La pétition qu’il a lancée en 2013 aurait recueilli plus de 4400 signatures de professionnels.  Cependant, il y a des centaines de milliers de juristes, psychologues, pédopsychiatres, éducateurs et travailleurs sociaux de l’enfance et de la petite enfance. La pétition a donc finalement obtenu un tout petit chiffre d’adhésion.  Il ne faudrait pas faire comme si cette espèce de sondage avait une grande portée.

Les deux recherches sur lesquelles se fondent les psychologues que l’on catégorise dans les opposants à la résidence alternée sont dépassées depuis longtemps et la communauté scientifique a reconnu leurs lacunes. Ces défauts des premiers travaux dans un domaine nouveau sont habituels dans la recherche qui avance. Ce qui n’est pas scientifique, c’est de toujours citer ces premières tentatives. Nous en avons déjà parlé plusieurs fois dans ce blog (voir notre billet du 18 janvier 2017).

L’opposition se fonde aussi sur la confusion entre la population en général et les cas particuliers de mal-être ou de grandes difficultés des enfants qui consultent dans les cabinets des pédopsychiatres. Ces cas de souffrance d’enfants en résidence alternée ne peuvent pas être négligés et la psychiatrie est là pour les aider, comme le montre bien les préoccupations rapportées par Maurice Berger. Cependant, à ce jour, aucune étude ne s’est intéressée à montrer que ces enfants seraient mieux s’ils ne vivaient que chez un seul de leurs parents ; l’argument de la souffrance de certains enfants n’est donc pas recevable en tant qu’opposition à leur résidence chez leurs deux parents.

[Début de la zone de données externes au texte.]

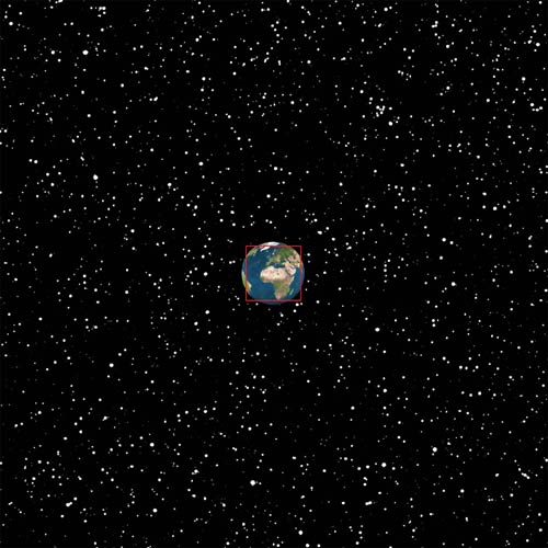 100.000.000 metri. La Terra appare isolata e sospesa ad questa distanza. Nel suo moto attorno al Sole, essa attraversa un quadrato come quello dell'immagine in un'ora.

De plus, comme nous l’avons argumenté dans ce blog, de nombreux cas cliniques ne peuvent pas faire une politique publique (voir notre billet du 8 février 2017).

Partir des besoins des enfants et des études scientifiques récentes

En tant que psychologue, psychothérapeute et vice-présidente du CIRA, Chantal Clot-Grangeat s’appuie sur la convergence des recherches récentes pour montrer que les enfants ont toujours besoin de construire des relations de sécurité et d’affection avec leurs deux parents. Très logiquement, il faut leur donner du temps pour que ces relations s’établissent.

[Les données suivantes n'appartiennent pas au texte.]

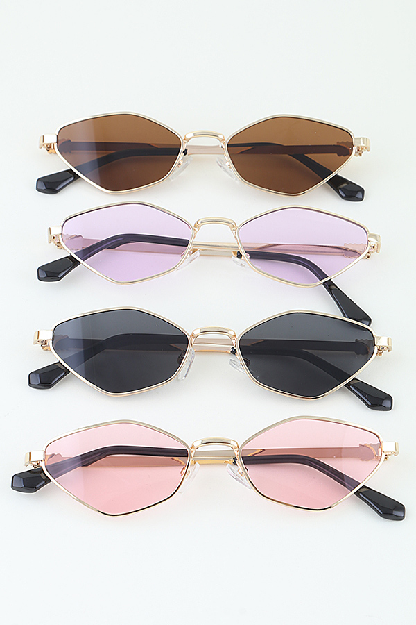 - * These MW Minimal Diamond Cut Sunglasses from H&D Accessories showcase a sleek, angular diamond-shaped frame design crafted with a polished metallic finish, embodying modern minimalism and edgy sophistication. The slender, streamlined temples feature subtle decorative detailing at the hinges, adding a refined touch while ensuring a lightweight, comfortable fit, and the precisely cut lenses offer both functional sun protection and a striking visual statement. Perfect for adding a bold, fashion-forward accent to street style looks or elevating evening ensembles.

Nous ne reprenons pas ici les recherches sur lesquelles Chantal Clot-Grangeat appuie son propos car les lecteurs du blog les connaissent bien. Tous ces travaux convergent pour dire que les enfants et les adolescents vont bien mieux sur les plans de leurs émotions, de leurs comportements sociaux, de leurs résultats scolaires ou de leur santé physique quand ils peuvent rencontrer de manière régulière leurs deux parents. Ces rencontres ont à comprendre des nuitées, car le coucher et le lever sont des moments de rencontres importants, et des jours de semaine, car le week-end et les vacances ne permettent pas vraiment de vivre la vie quotidienne. La plupart des auteurs-es de ces recherches seront présents lors de la conférence du CIRA à Boston et nous avons déjà présenté leurs travaux à cette occasion (voir notre billet du 1° mars 2017).

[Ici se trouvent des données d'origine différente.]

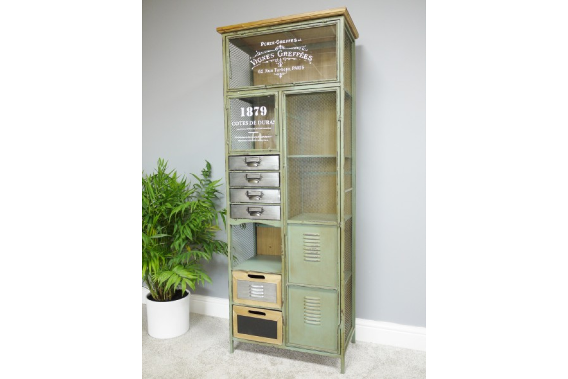 This industrial cabinet is a statement piece for any modern home or office. With its sleek metal frame and rustic wooden shelves, it combines contemporary design with a touch of vintage charm. The cabinet's industrial style is perfect for adding character to any space, whether used for storage in a living room or as a display unit in a trendy loft apartment.

L’organisation de cette résidence alternée peut rester dynamique. Au plus jeune âge, une formule 2-2-5-5 permet aux enfants de ne jamais être séparés d’un parent plus de 5 jours, à l’exception des vacances où 15 jours ont possibles selon les cas. De nombreux jeunes parents expérimentent cette formule avec satisfaction, malgré les difficultés qui découlent de la séparation (voir nos billets des   16 et 23 novembre 2016). Pour d’autres enfants, et notamment, avec l’adolescence et l’entrée au collège ou au lycée, la formule peut devenir plus classique et se caler sur l’alternance 7-7. Mais rien n’est obligatoire du moment que l’égalité des rencontres avec les deux parents est visée, nuitées et journées de semaines comprises.

La résidence alternée, une question sociale et politique

Cette évolution va dans le sens d’une implication des pères dans l’éducation des enfants et d’un meilleur équilibre entre les femmes et les hommes. La femme n’est pas dédiée à supporter la charge de responsable de foyer monoparental. C’est en cela que la résidence alternée est aussi une question sociale et politique (voir nos billets 2 novembre 2016 et du 1° février 2017).